鹰侠
1年2023月10日至2024年XNUMX月XNUMX日
“领地”是休伊·奥多诺霍(Hughie O'Donoghue)在科克格鲁克斯曼画廊(The Glucksman)举办的近期作品个展。本次展览包括八幅大型油画和一件雕塑作品。油画作品大多为油画和混合媒介作品,创作于回收利用的油布和面粉袋上。作品描绘了海景和爱尔兰乡村的各种景象,画面中通常出现男性形象。

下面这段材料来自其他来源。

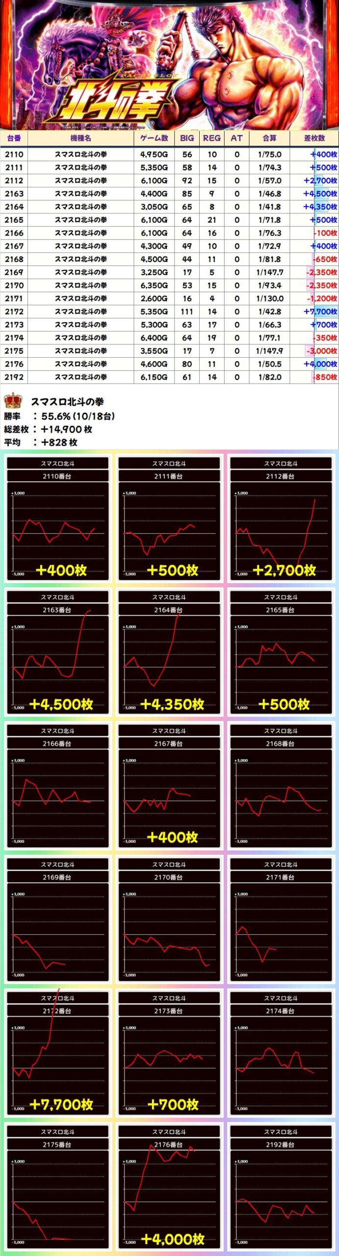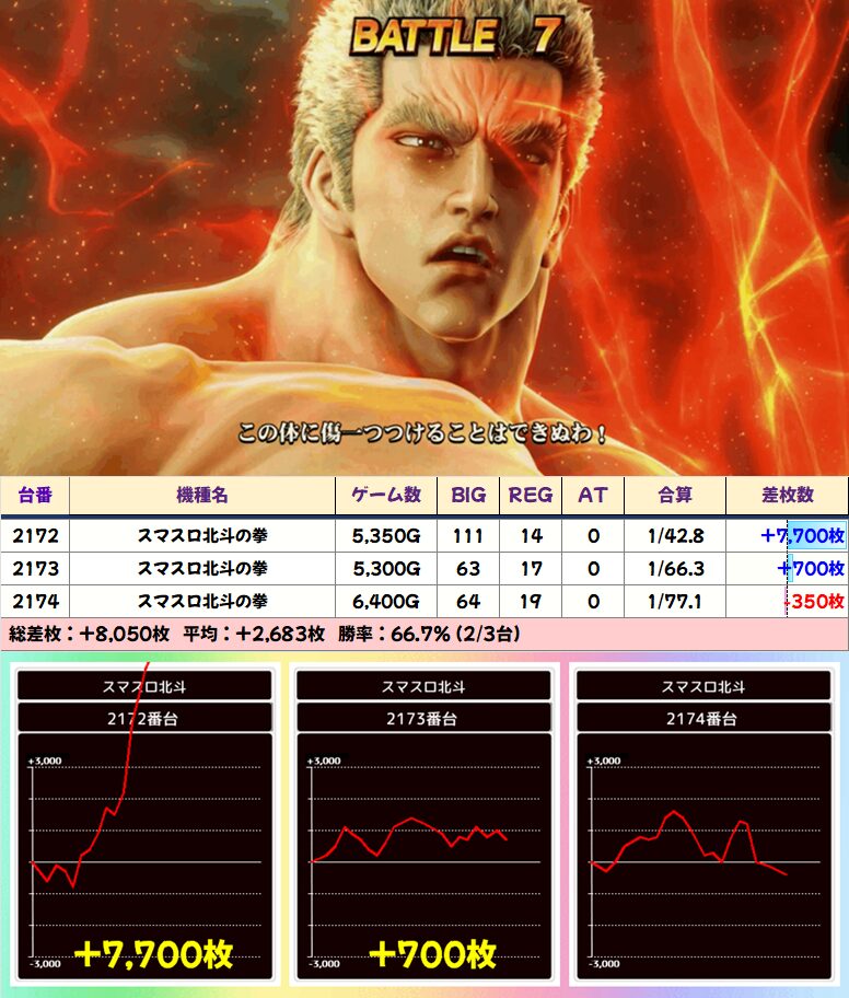 スマスロ北斗の拳 (10/18台+) ➡平均 +828枚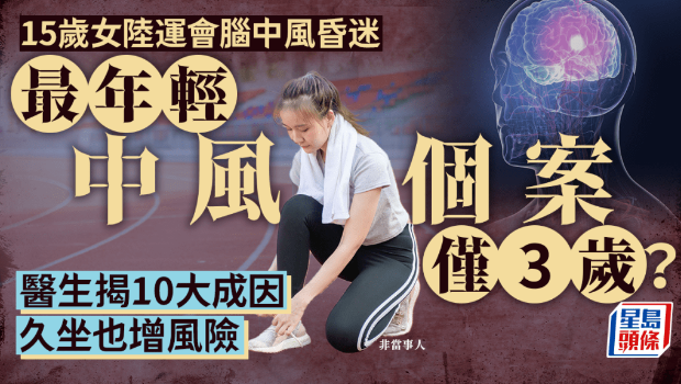 年輕不代表沒腦中風危機。香港一名15歲中四學生于昨日(1月11日)在灣仔參加陸運會時突然昏迷,送院后被發現腦部血管瘤爆裂,導致出血性中風。近年中風有年輕化趨勢,常見原因有10種。有醫生分享病例指,最年輕中風個案僅3歲。中風前一般有7大先兆,頭痛恐是警號之一。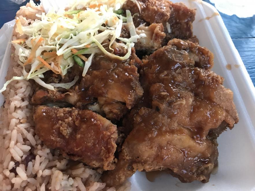 After chilling a bit we all decided to walk down the beach, with the destination of the corner bar in mind. We need to go to hilo for a few supplies too. DH stopped at a shop along the way to shop for drums to add to our JA drum collection at home. We hit Bourbon Beach for cold Red Stripe and some rum punch. yummy on a hot day. I have been craving the fried chicken from corner bar for 2 years. Something was different with the chicken this time and it had some kind of sauce on it (BBQ?) It was still delish, just different. I shared by chicken with 2 little puppies that stopped by our outside table. They were street smart. I put 10 fries on the pavement for them and they didn't eat them and instead only wanted chicken. First time I saw that happen. Attachment 48197Attachment 48198Attachment 48199Attachment 48200Attachment 48201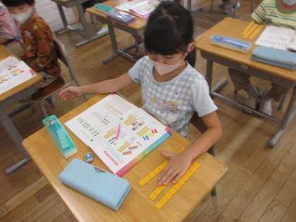 写真は、学習発表会の歌の練習をしている様子と、算数の数え棒を使っている様子です。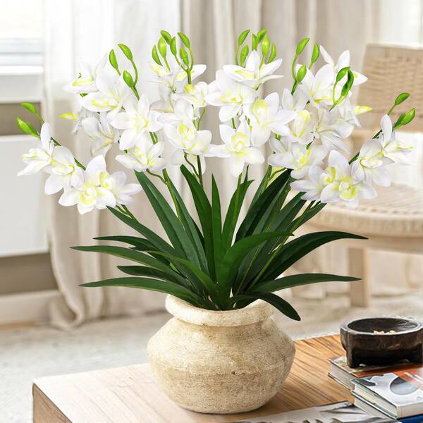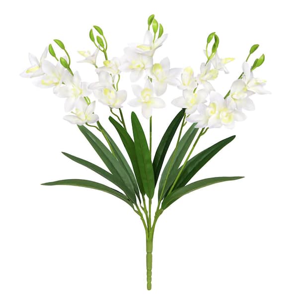 22 in. Natural Touch Cream White Artificial Cymbidium Orchid Flower Stem Bush Bouquet (Set of 2)

我被奥多诺霍画作的细节所吸引:穿过油布的螺丝钉;层层叠叠的树脂,像岩石上的软体动物一样凝固在画作边缘。在迈克尔·高根的《房子》(2023)中,我们可以看到支撑材料的过往,油布的褶皱和皱纹萦绕在画面上。一条垂直的线条贯穿整个画面,标示着两大块材料连接在一起的位置。这种可见的制作痕迹让我想起约翰·伯格对梵高的评价:“他相信,接近现实的最佳途径是通过劳动,因为现实本身就是一种生产。” ¹

休吉·奥多诺霍,《领土》,展览现场;照片由 Jed Niezgoda 拍摄,由艺术家和 Glucksman 提供。
事实上,奥多诺霍对梵高的喜爱在其作品《收割者》(2024)和《锤击大地》(2019)中均有所体现。在前一幅作品中,奥多诺霍扮演了梵高笔下众多农耕者之一。有趣的是,在后一幅画作中,奥多诺霍的儿子则以梵高的自画像《前往塔拉斯孔的路上的画家》(1888)为原型进行创作。正如伯格所言,奥多诺霍似乎试图通过创作来接近某种现实。这位艺术家将自己置于梅奥郡的风景之中。他出生于英国,拥有爱尔兰血统,通过祖父和儿子的家族传承,以及对土地的直接耕作,将自己深深扎根于这片土地。奥多诺霍的创作让人想起瓦尔特·本雅明的名言:“想要接近自己埋藏的过去的人,必须像一个挖掘者那样行事。” 2这种对身份、归属感或现实的挖掘感,因艺术家大量运用叠加的摄影图像而进一步增强。奥多诺霍将自身印刻在摄影图像的物质性之上;油彩的色块划破画面,视觉信息被染色、高光、遮蔽,并以其他方式呈现。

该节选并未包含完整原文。